**YOUR ASSIGNMENT**:
Scan the records beneath this line for the line holding "Net als alle" and the line holding "이미지 확대보기삼성전기의 주가는", then transcribe exactly those two and all lines between.

**TASK INPUT**:
********************
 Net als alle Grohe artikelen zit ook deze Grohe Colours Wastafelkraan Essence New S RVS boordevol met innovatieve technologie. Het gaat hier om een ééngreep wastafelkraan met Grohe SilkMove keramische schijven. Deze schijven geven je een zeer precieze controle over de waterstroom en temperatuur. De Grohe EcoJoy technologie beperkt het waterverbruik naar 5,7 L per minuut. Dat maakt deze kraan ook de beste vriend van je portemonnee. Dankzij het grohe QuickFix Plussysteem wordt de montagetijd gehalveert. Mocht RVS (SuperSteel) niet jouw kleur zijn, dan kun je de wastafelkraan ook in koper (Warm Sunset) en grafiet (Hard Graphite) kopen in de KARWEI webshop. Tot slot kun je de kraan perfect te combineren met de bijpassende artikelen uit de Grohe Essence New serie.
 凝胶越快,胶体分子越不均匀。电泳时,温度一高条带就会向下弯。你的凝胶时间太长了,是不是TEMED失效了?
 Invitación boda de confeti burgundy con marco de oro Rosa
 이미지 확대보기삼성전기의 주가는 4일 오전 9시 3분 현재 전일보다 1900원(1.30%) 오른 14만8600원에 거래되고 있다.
********************
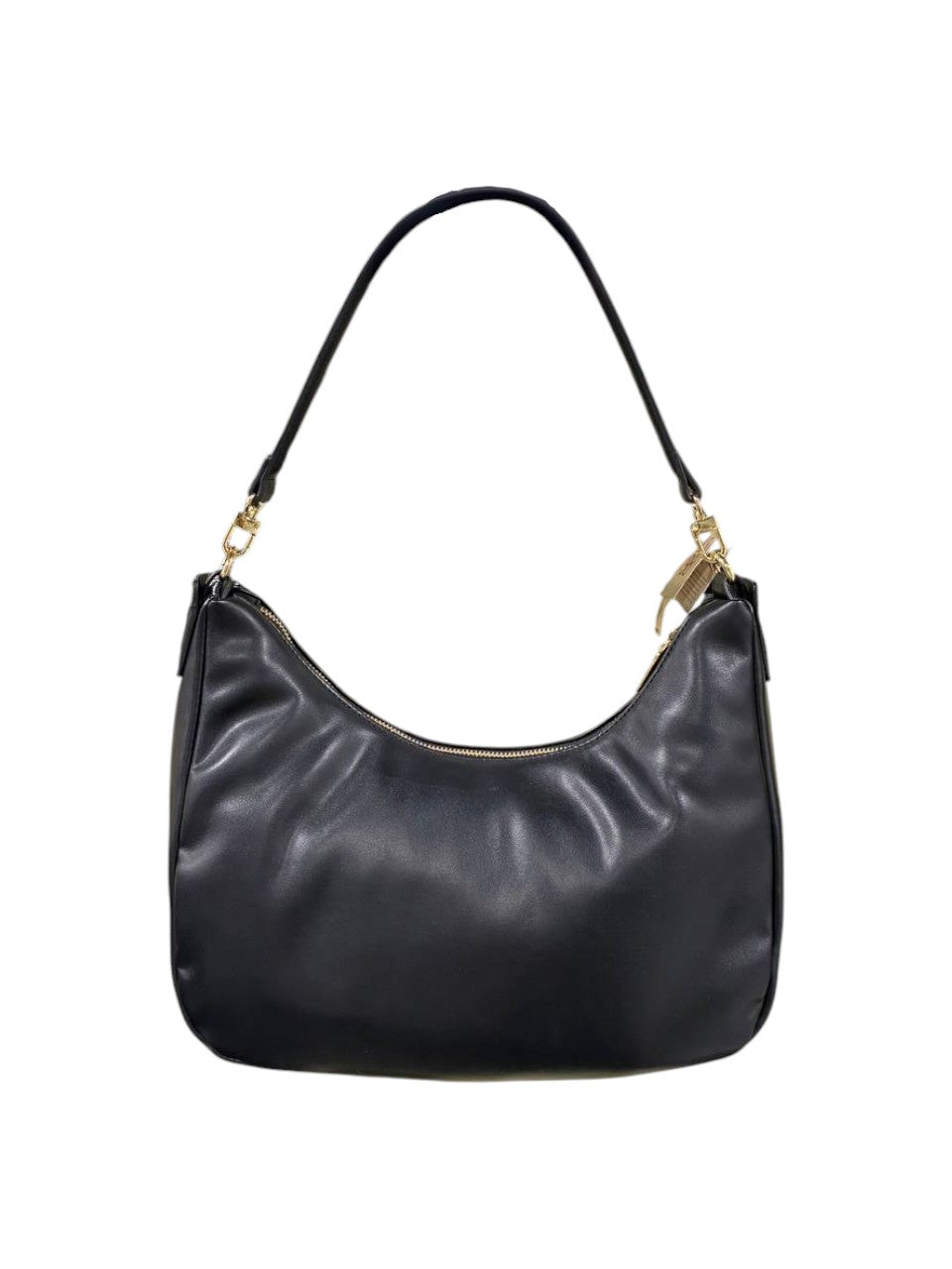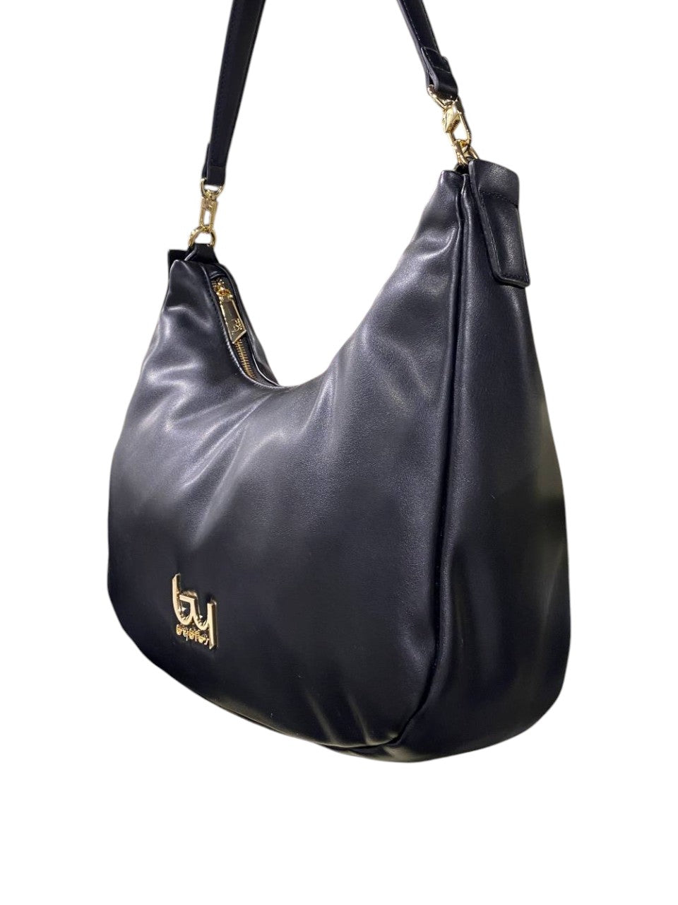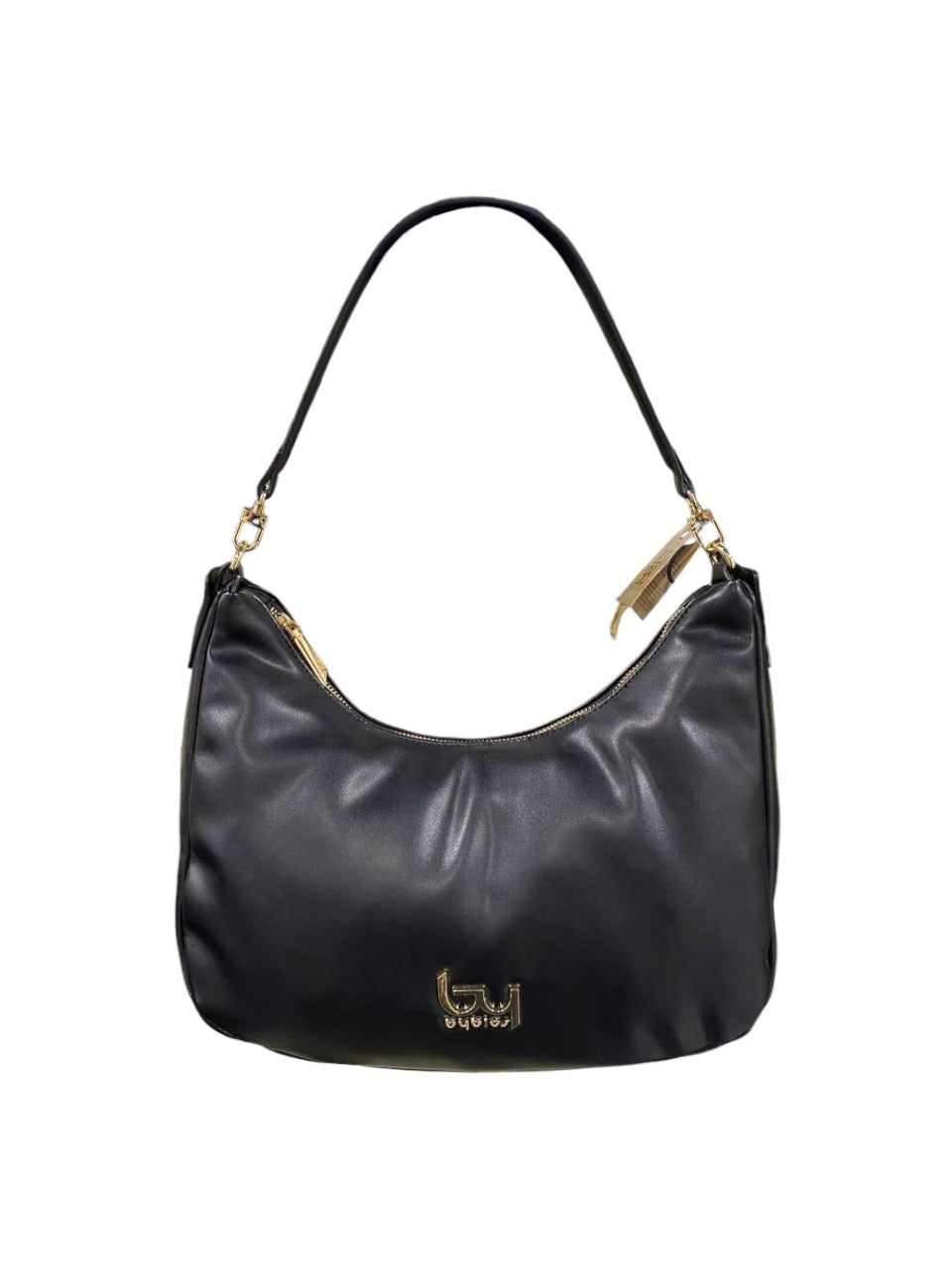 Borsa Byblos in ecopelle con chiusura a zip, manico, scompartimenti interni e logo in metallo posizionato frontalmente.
********************
**RESPONSE BOX**:
 Net als alle Grohe artikelen zit ook deze Grohe Colours Wastafelkraan Essence New S RVS boordevol met innovatieve technologie. Het gaat hier om een ééngreep wastafelkraan met Grohe SilkMove keramische schijven. Deze schijven geven je een zeer precieze controle over de waterstroom en temperatuur. De Grohe EcoJoy technologie beperkt het waterverbruik naar 5,7 L per minuut. Dat maakt deze kraan ook de beste vriend van je portemonnee. Dankzij het grohe QuickFix Plussysteem wordt de montagetijd gehalveert. Mocht RVS (SuperSteel) niet jouw kleur zijn, dan kun je de wastafelkraan ook in koper (Warm Sunset) en grafiet (Hard Graphite) kopen in de KARWEI webshop. Tot slot kun je de kraan perfect te combineren met de bijpassende artikelen uit de Grohe Essence New serie.
 凝胶越快,胶体分子越不均匀。电泳时,温度一高条带就会向下弯。你的凝胶时间太长了,是不是TEMED失效了?
 Invitación boda de confeti burgundy con marco de oro Rosa
 이미지 확대보기삼성전기의 주가는 4일 오전 9시 3분 현재 전일보다 1900원(1.30%) 오른 14만8600원에 거래되고 있다.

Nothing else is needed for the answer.